Serafín Bello
Por Serafín Bello
Como si se tratase de un caso más en la reguero de accidentes aéreos que han acontecido durante los últimos meses a nivel internacional en lo que parecería ser un incremento de la frecuencia de estos desastres, la (hasta cierto punto) comparación criolla a aquella nave espacial impulsada por motores de reacción homónimos y que generó grandes cambios en la industria aeronáutica durante la Segunda Querella Mundial, se desplomó en la alboreo del pasado martes, estremeciendo a toda una nación que en ese instante claudicaba prisionera en los brazos de Morfeo.
Aquel tristemente notable segundo día de una semana gremial que prometía transcurrir de forma relativamente rutinaria, los quisqueyanos, una vez más, fuimos llamados a ser valientes, esta vez para afrontar el desafío que para nuestra salubridad mental y nuestra capacidad de resiliencia significó la información de que más de doscientas almas sucumbieron al colapsar el Paraíso de la icónica discoteca “Jet Set”.
El mundialmente popular nombre hunde sus raíces en aquellas celebridades y otros acaudalados que, a mediados del siglo vigésimo, hacían uso exclusivo de este revolucionario invento de altas velocidades, aunque menos veloces que el tiempo que tomaron las redes sociales para hacer de este lúgubre acontecimiento una tendencia que aún reverbera con un estridente y atronador sonido en lo más profundo de la colectividad.
El característico lunes que para miles de dominicanos de diversos estratos sociales se convirtió en una tradición como la expresión axiológica de la alegría y el entusiasmo distintivos de los hijos de Duarte, se tradujo, cual aterradora metamorfosis, en uno de los martes más aciagos de nuestra historia.
Todo en un brindar y cerrar de fanales que no logró completar su ciclo, ya que fueron muchos los párpados que, bajo los letales escombros, permanecieron para siempre cerrados, sumergidos en frías tinieblas, sin obviar los incontables casos de aquellos que, desde entonces y aún luego de casi una semana, permanecen guerreando con unas lágrimas que les impiden ver las razones de la pérdida irreparable de sus seres queridos.
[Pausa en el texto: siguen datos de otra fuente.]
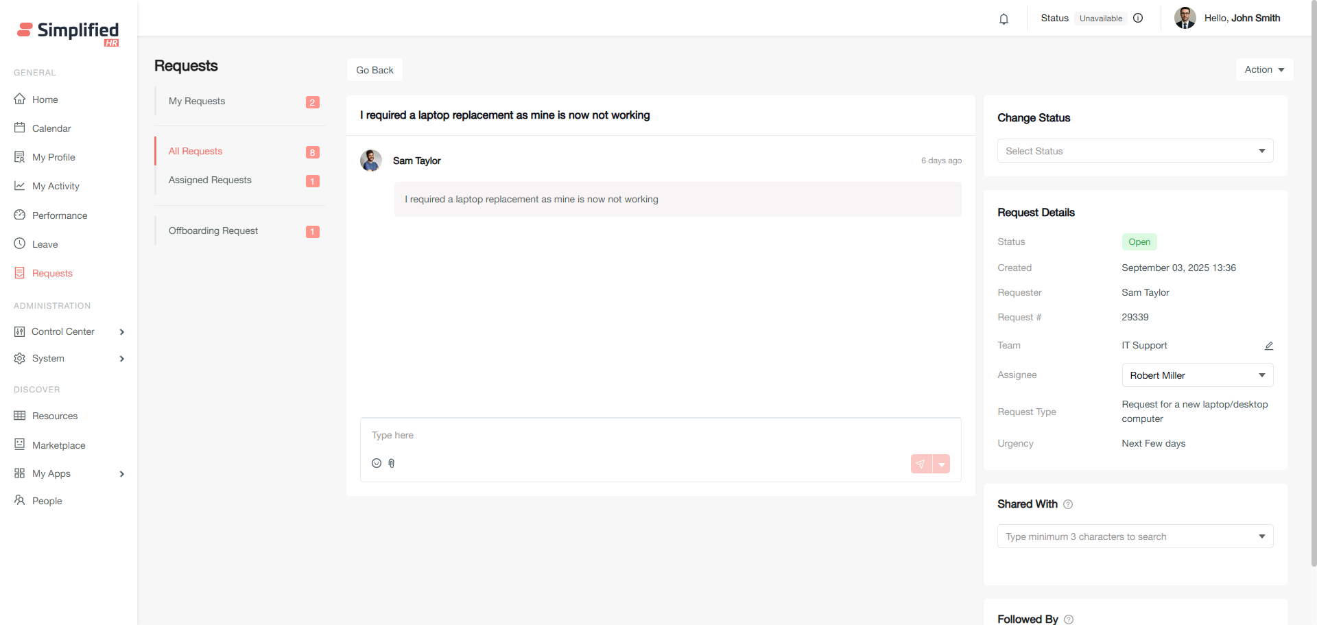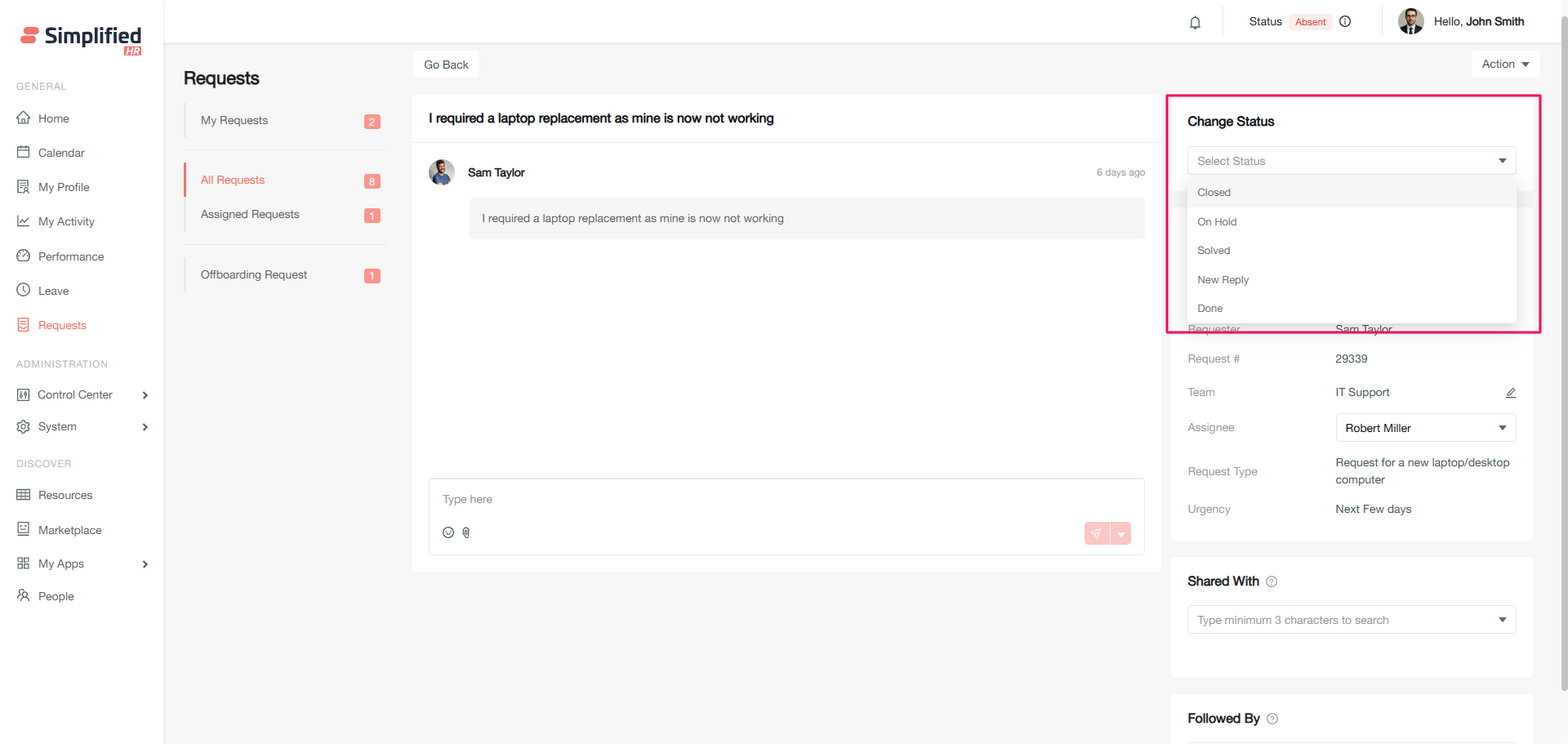 To update or modify a request, one has to click on View Request or directly click on the required Request. All updates and actions of the request can be made from this UI.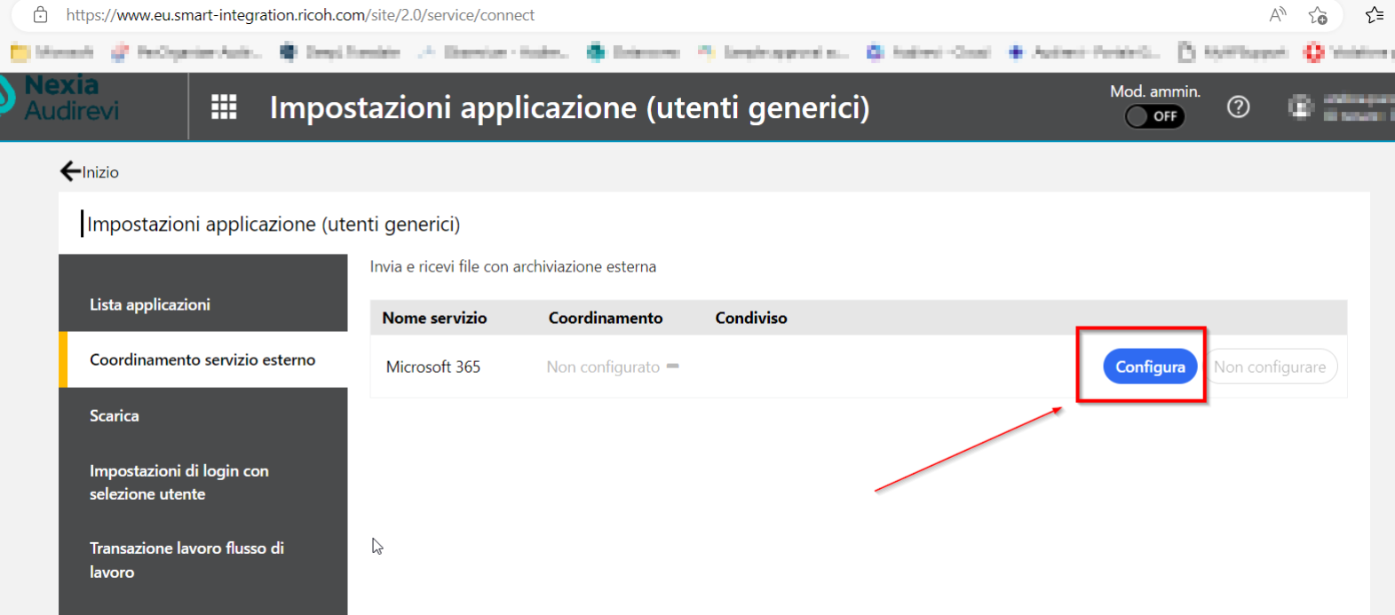 Il link ricevuto tramite e-mail rimanda alla seguente pagina del portale Ricoh. Selezionare Configura

Entre las vidas que quedaron silenciadas en aquella alboreo que hacía bizarría de forma petulante de la enardecimiento y el colorido de nuestro ritmo autóctono y de la fulgurancia de esplendorosos y centelleantes destellos, destaca el premiado oriundo de Bajos de Haina Rubby Pérez.
El célebre intérprete de “Volveré”, ostentando “la voz más incorporación del merengue”, izaba los éxitos que marcaron hitos en su dilatada carrera musical, al ritmo de los cuales cientos disfrutaban exultantes hasta que, producto de la fatídica catástrofe, todo se fue debajo, con excepción de aquellas notas musicales que, ascendiendo apresuradas, lograron encumbrarse hasta el mismo firmamento, tatuando allí una imperecedera sino como un tributo que permanecerá rutilante por generaciones.
Son muchas las lecciones que se desprenden de un episodio que hubiésemos querido no tener que contar. La más trascendente de todas: lo frágil que puede ser nuestra existencia. Al beneficio de que nunca tengamos tiempo suficiente para prepararnos tanto para nuestra propia despedida como para ver partir a aquellos a quienes amamos, la insoslayable verdad es que cada minuto puede ser el zaguero de nuestro fugaz delirio por la vida, sin importar que lo hagamos en jet privado o en revoloteo comercial.